** Records to process follows **
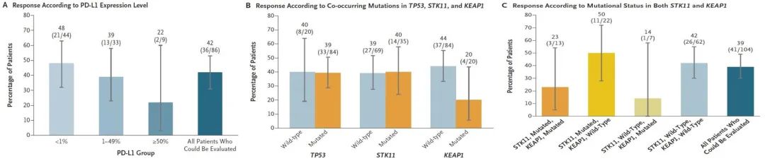 探索性研究分析了PD-L1表达水平、TMB水平、STK11、KEAP1及TP53共突变对疗效的影响。86例患者有PD-L1表达数据,其中,PD-L1表达小于1%和全组人群的ORR分别为48%和42%。84例患者具有可评估的TMB数据,TMB低表达和全组人群的ORR分别为42%和40%,合并STK11突变,但KEAP1野生型的患者和全组患者的ORR分别为50%和39%。KEAP1突变的患者及全组患者ORR分别为23%和14%。
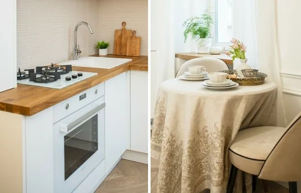 Una cocina diminuta pero muy acogedora de 6 m² en una casa de la era prerevolucionaria
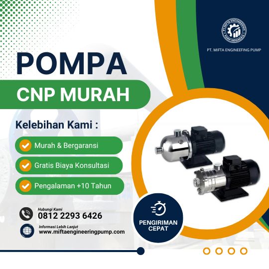 PT. Mifta Engineering Pump adalah distributor dan supplier terpercaya untuk produk Pompa CNP di Indonesia. Kami menyediakan berbagai jenis pompa CNP untuk kebutuhan industri, komersial, hingga domestik, termasuk pompa centrifugal, multistage, submersible, dan booster pump dengan kualitas dan teknologi internasional. Dengan dukungan tim teknis yang berpengalaman serta ketersediaan stok yang lengkap, PT. Mifta Engineering Pump berkomitmen memberikan solusi pompa yang efisien, handal, dan sesuai dengan kebutuhan pelanggan. Kami juga menyediakan layanan konsultasi produk, pengiriman cepat, serta dukungan purna jual untuk memastikan kepuasan optimal dalam setiap transaksi.
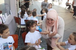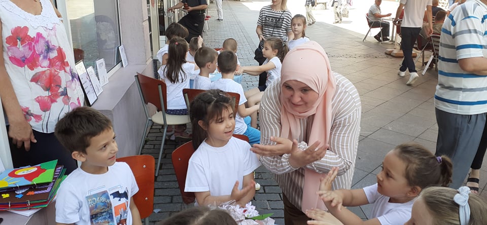 Gosti programa bila su djeca iz obdaništa “Pčelica” i “Sindibad”, koja su se danas upoznala sa sadržajem teta Nisvetine knjige “Leptir – priče o nevidljivim krilima” i njenih knjiga od platna.
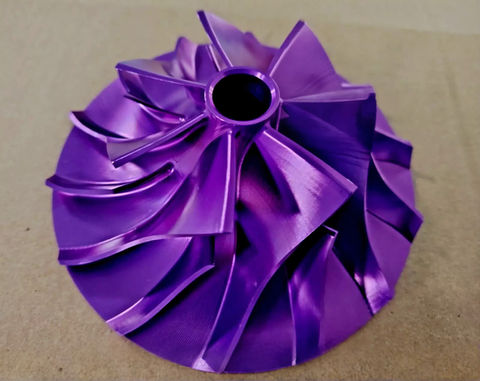 Machining complex parts such as these is managed using advanced point milling on a 7-axis CNC. Client had also requested anodizing to different colors. Due to the high RPM application, we ensured perfect balance of the compressor wheels by performing dynamic balancing services, complete with reports for each unit produced.
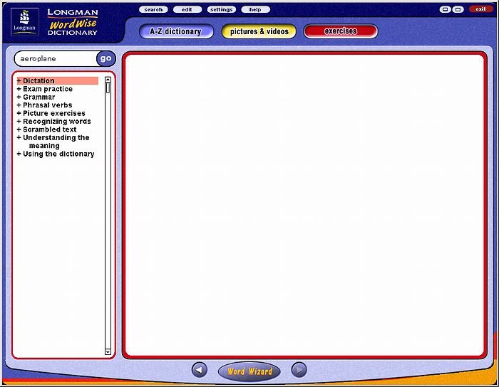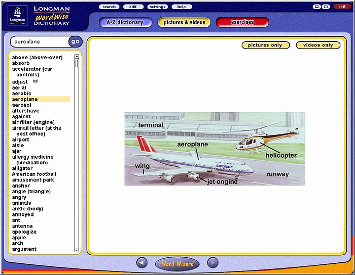 左のペイン(pane)にイラストなどが付属する見出し語のリストがアルファベット順に並び、見出し語をダブルクリックすると、右のペイン(pane)にイラストや写真、動画を表示します。動画の場合のみ、辞書本文と同じ、見出し語と発音記号、定義文、例文なども追加で表示します。
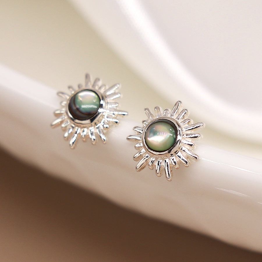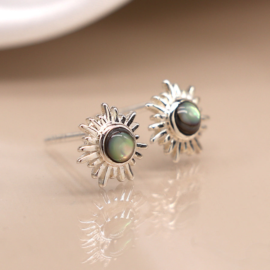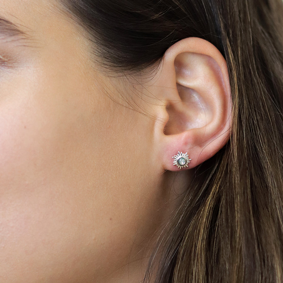 Timeless sterling silver stud earrings featuring opalescent stone in a silver sunburst settings.
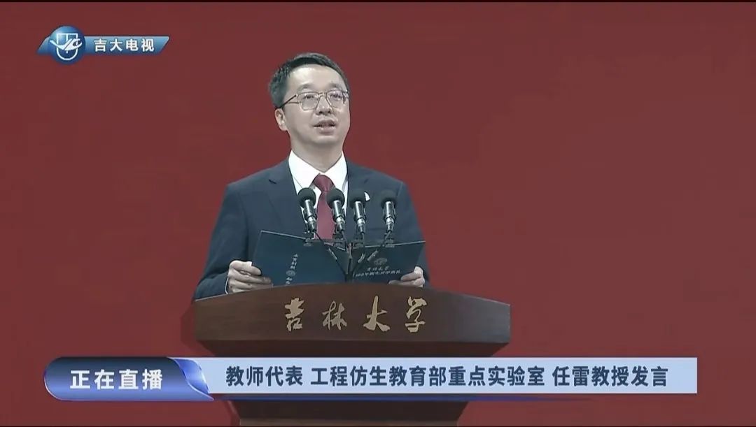 随后,教师代表、工程仿生教育部重点实验室任雷教授就同学们在大学生活中如何塑造自我,提升自我,成就自我发表讲话,他强调,同学们应该志存高远,勤学善思,多开拓视野打好基,同时老实做人,踏实做事,直面挑战以突破自我。
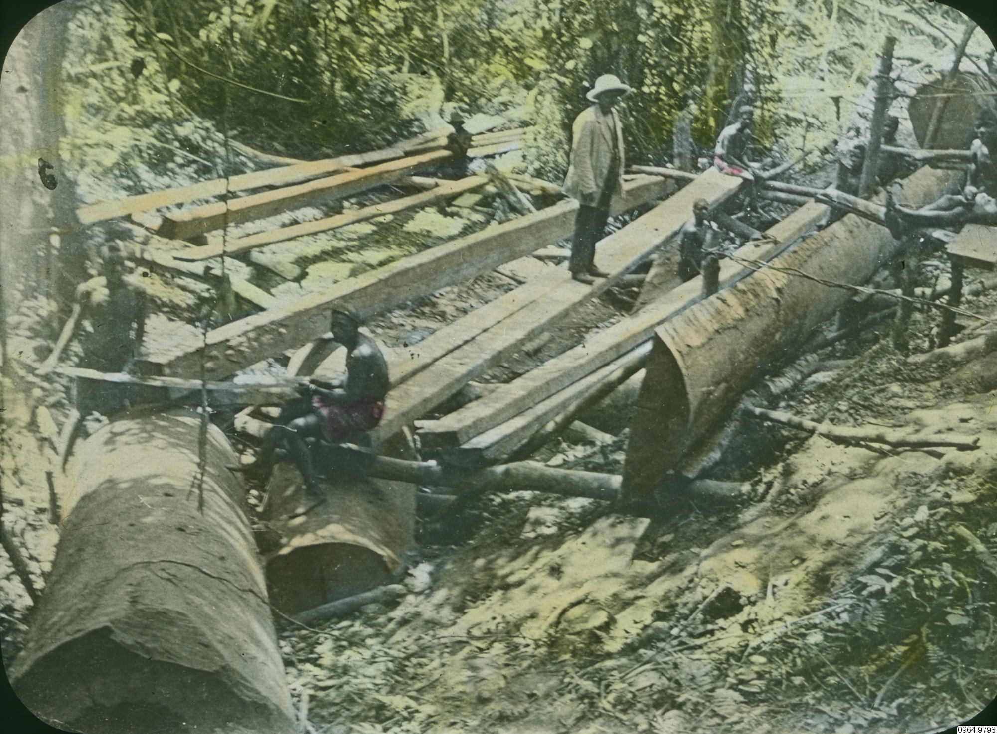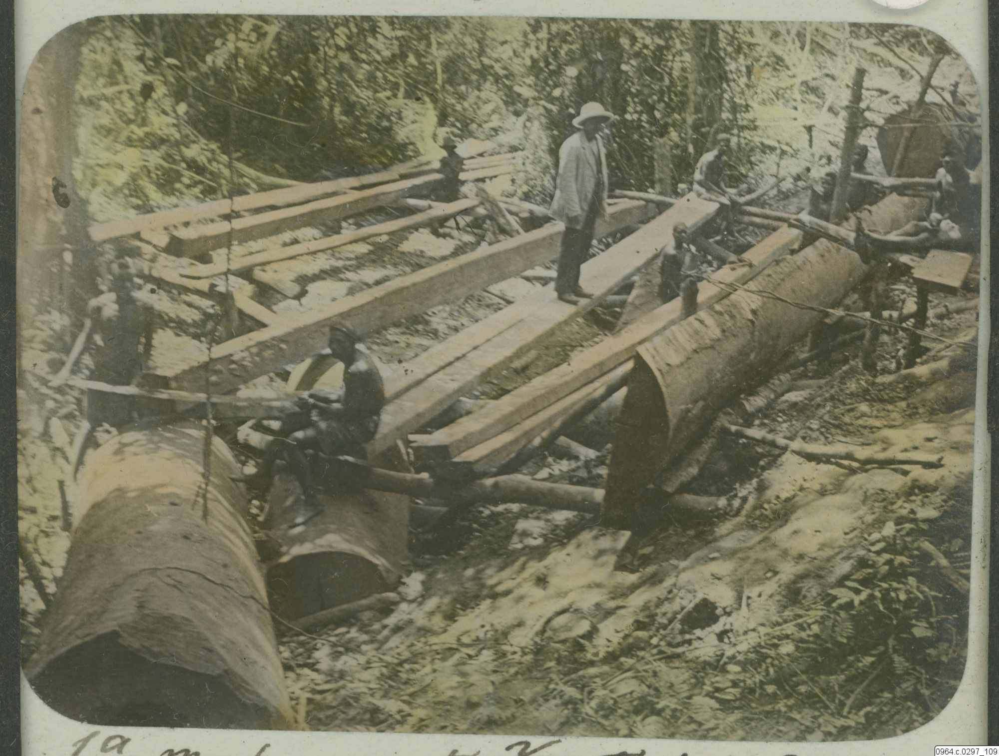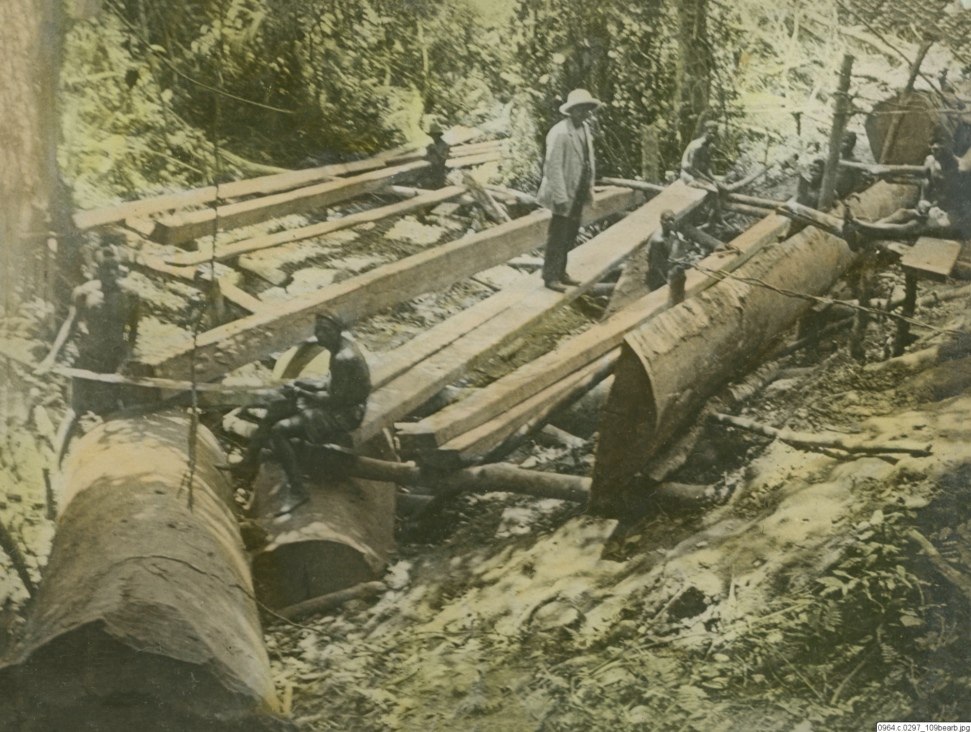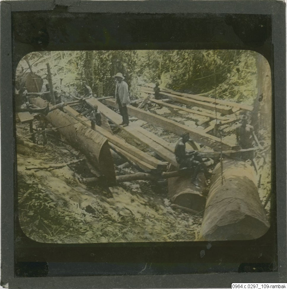 mahogny, sågning, virke, trädfällning, brädor, missionärer, fotografi, photograph
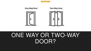 另一种决策是双向门(two-way door),90%以上的决策都属于此。也就是说,可以制定决策并执行,一旦事实证明决策错误,马上可以推倒重来,损失不大。
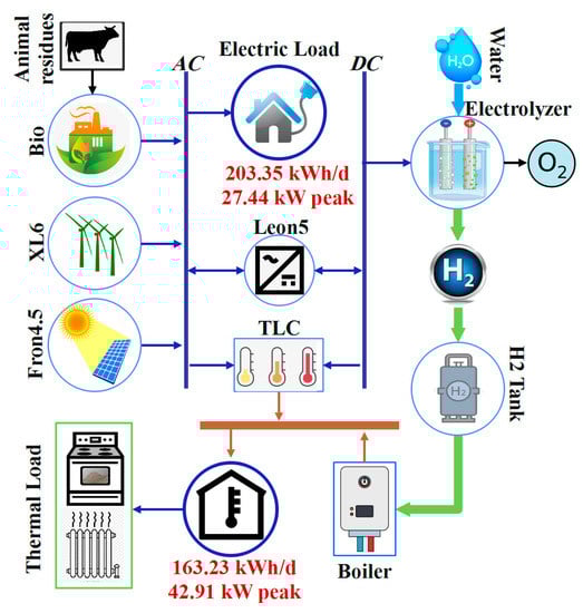 - Samy, M.M.; Elkhouly, H.I.; Barakat, S. Multi-objective optimization of hybrid renewable energy system based on biomass and fuel cells. Int. J. Energy Res. 2020, 45, 8214–8230. [Google Scholar] [CrossRef]
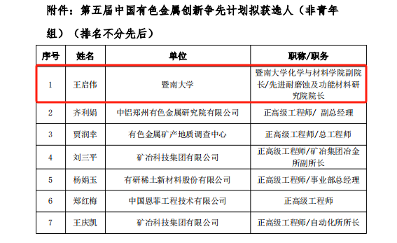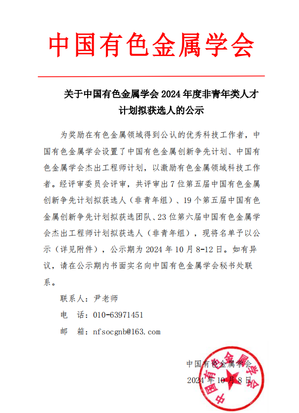 2024年10月,中国有色金属学会发布了《关于中国有色金属学会2024年度非青年类人才计划拟获选人的公示》,为奖励在有色金属领域得到公认的优秀科技工作者,中国有色金属学会设置了中国有色金属创新争先计划、中国有色金属学会杰出工程师计划,以激励有色金属领域科技工作者。经评审委员会评审,德赢vwin体育官网登录王启伟研究员获批中国有色金属学会2024年度创新争先人才计划。
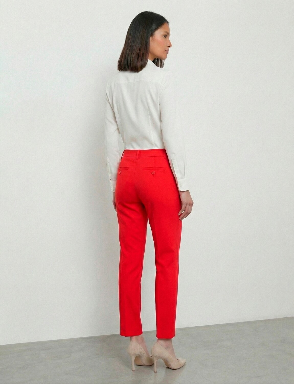 Presenta una nervadura vertical marcada que ayuda a alargar visualmente las piernas y refuerza el carácter sastrero de la prenda.
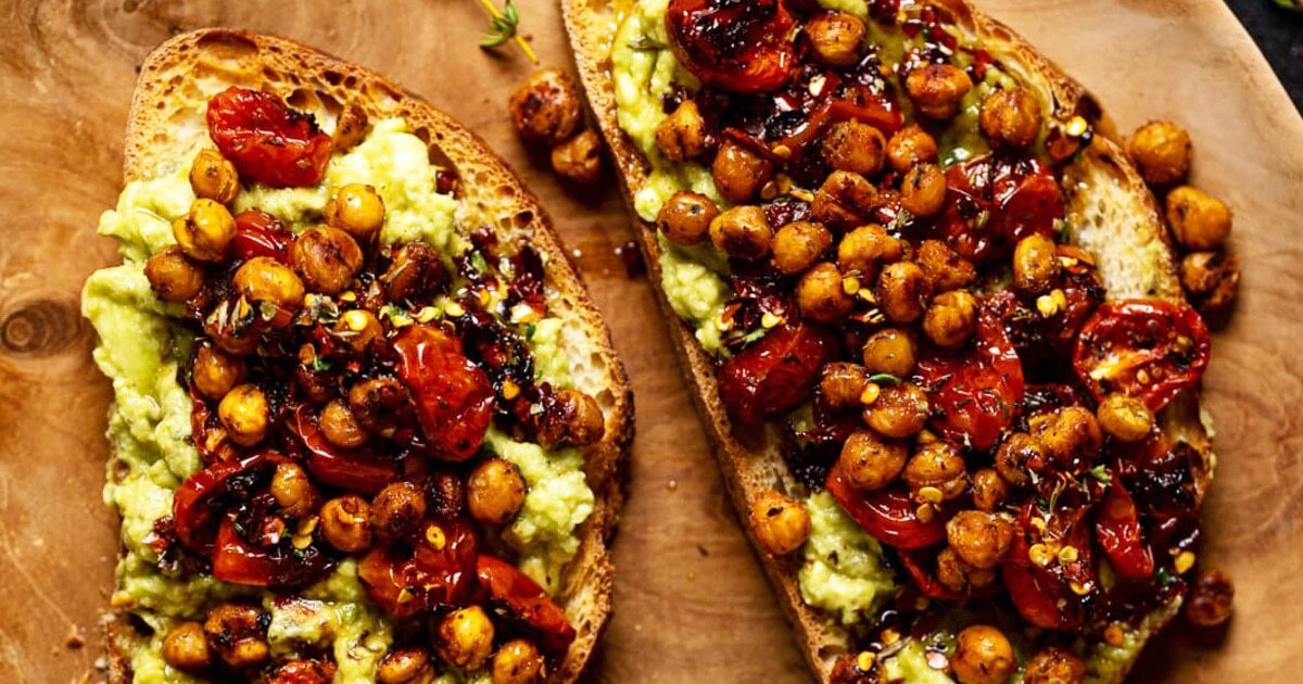 - On a plate, add toasted bread and prime with spoonfuls of mashed avocado, spreading evenly. High with just a few spoonfuls of roasted chickpeas and tomatoes. Drizzle with spicy maple syrup.Â
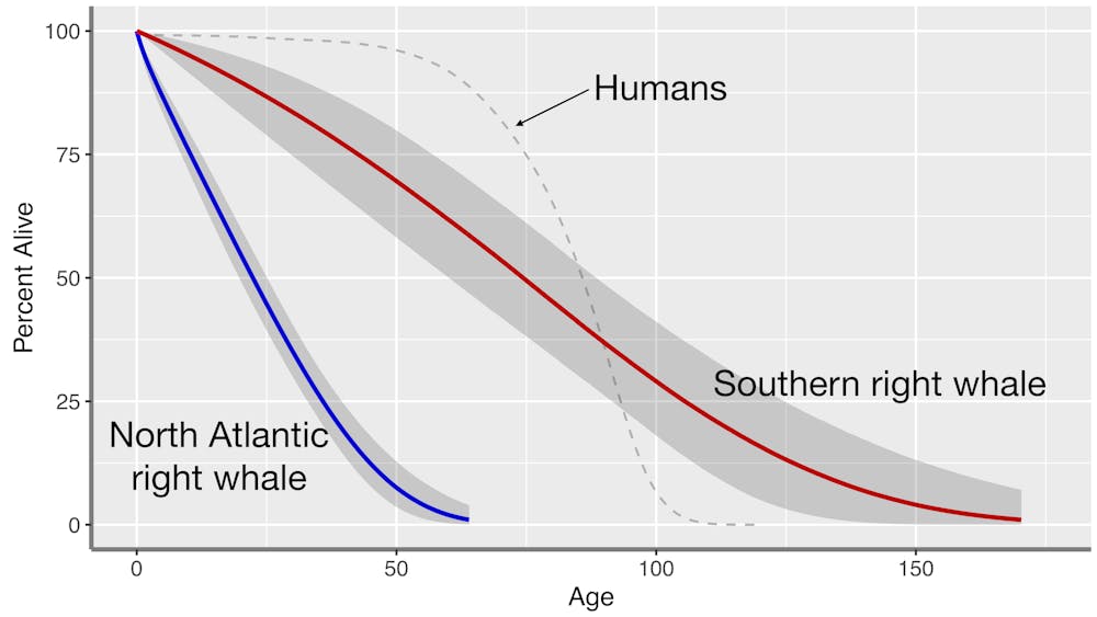 We made these new age estimates using photo identification of individual female whales over several decades. Individual whales can be recognized year after year from photographs. When they die, they stop being photographically “resighted” and disappear. Using these photos, we developed what scientists call “survivorship curves” by estimating the probability whales would disappear from the photographic record as they aged. From these survivorship curves, we could estimate maximum potential lifespans.
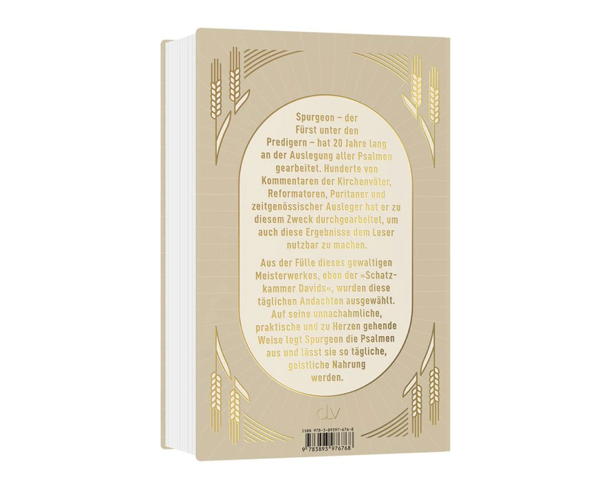 Aus der Fülle dieses gewaltigen Meisterwerkes, eben der »Schatzkammer Davids«, wurden diese täglichen Andachten ausgewählt. Auf seine unnachahmliche, praktische und zu Herzen gehende Weise legt Spurgeon die Psalmen aus und lässt sie so tägliche, geistliche Nahrung werden.
** End of Records to process **
▶ What is being asked: A word-for-word restatement of all the lines above is needed, with the pictures omitted.

▶ Result of the exercise:
 探索性研究分析了PD-L1表达水平、TMB水平、STK11、KEAP1及TP53共突变对疗效的影响。86例患者有PD-L1表达数据,其中,PD-L1表达小于1%和全组人群的ORR分别为48%和42%。84例患者具有可评估的TMB数据,TMB低表达和全组人群的ORR分别为42%和40%,合并STK11突变,但KEAP1野生型的患者和全组患者的ORR分别为50%和39%。KEAP1突变的患者及全组患者ORR分别为23%和14%。
 Una cocina diminuta pero muy acogedora de 6 m² en una casa de la era prerevolucionaria
 PT. Mifta Engineering Pump adalah distributor dan supplier terpercaya untuk produk Pompa CNP di Indonesia. Kami menyediakan berbagai jenis pompa CNP untuk kebutuhan industri, komersial, hingga domestik, termasuk pompa centrifugal, multistage, submersible, dan booster pump dengan kualitas dan teknologi internasional. Dengan dukungan tim teknis yang berpengalaman serta ketersediaan stok yang lengkap, PT. Mifta Engineering Pump berkomitmen memberikan solusi pompa yang efisien, handal, dan sesuai dengan kebutuhan pelanggan. Kami juga menyediakan layanan konsultasi produk, pengiriman cepat, serta dukungan purna jual untuk memastikan kepuasan optimal dalam setiap transaksi.
 Gosti programa bila su djeca iz obdaništa “Pčelica” i “Sindibad”, koja su se danas upoznala sa sadržajem teta Nisvetine knjige “Leptir – priče o nevidljivim krilima” i njenih knjiga od platna.
 Machining complex parts such as these is managed using advanced point milling on a 7-axis CNC. Client had also requested anodizing to different colors. Due to the high RPM application, we ensured perfect balance of the compressor wheels by performing dynamic balancing services, complete with reports for each unit produced.
 左のペイン(pane)にイラストなどが付属する見出し語のリストがアルファベット順に並び、見出し語をダブルクリックすると、右のペイン(pane)にイラストや写真、動画を表示します。動画の場合のみ、辞書本文と同じ、見出し語と発音記号、定義文、例文なども追加で表示します。
 Timeless sterling silver stud earrings featuring opalescent stone in a silver sunburst settings.
 随后,教师代表、工程仿生教育部重点实验室任雷教授就同学们在大学生活中如何塑造自我,提升自我,成就自我发表讲话,他强调,同学们应该志存高远,勤学善思,多开拓视野打好基,同时老实做人,踏实做事,直面挑战以突破自我。
 mahogny, sågning, virke, trädfällning, brädor, missionärer, fotografi, photograph
 另一种决策是双向门(two-way door),90%以上的决策都属于此。也就是说,可以制定决策并执行,一旦事实证明决策错误,马上可以推倒重来,损失不大。
 - Samy, M.M.; Elkhouly, H.I.; Barakat, S. Multi-objective optimization of hybrid renewable energy system based on biomass and fuel cells. Int. J. Energy Res. 2020, 45, 8214–8230. [Google Scholar] [CrossRef]
 2024年10月,中国有色金属学会发布了《关于中国有色金属学会2024年度非青年类人才计划拟获选人的公示》,为奖励在有色金属领域得到公认的优秀科技工作者,中国有色金属学会设置了中国有色金属创新争先计划、中国有色金属学会杰出工程师计划,以激励有色金属领域科技工作者。经评审委员会评审,德赢vwin体育官网登录王启伟研究员获批中国有色金属学会2024年度创新争先人才计划。
 Presenta una nervadura vertical marcada que ayuda a alargar visualmente las piernas y refuerza el carácter sastrero de la prenda.
 - On a plate, add toasted bread and prime with spoonfuls of mashed avocado, spreading evenly. High with just a few spoonfuls of roasted chickpeas and tomatoes. Drizzle with spicy maple syrup.Â
 We made these new age estimates using photo identification of individual female whales over several decades. Individual whales can be recognized year after year from photographs. When they die, they stop being photographically “resighted” and disappear. Using these photos, we developed what scientists call “survivorship curves” by estimating the probability whales would disappear from the photographic record as they aged. From these survivorship curves, we could estimate maximum potential lifespans.
 Aus der Fülle dieses gewaltigen Meisterwerkes, eben der »Schatzkammer Davids«, wurden diese täglichen Andachten ausgewählt. Auf seine unnachahmliche, praktische und zu Herzen gehende Weise legt Spurgeon die Psalmen aus und lässt sie so tägliche, geistliche Nahrung werden.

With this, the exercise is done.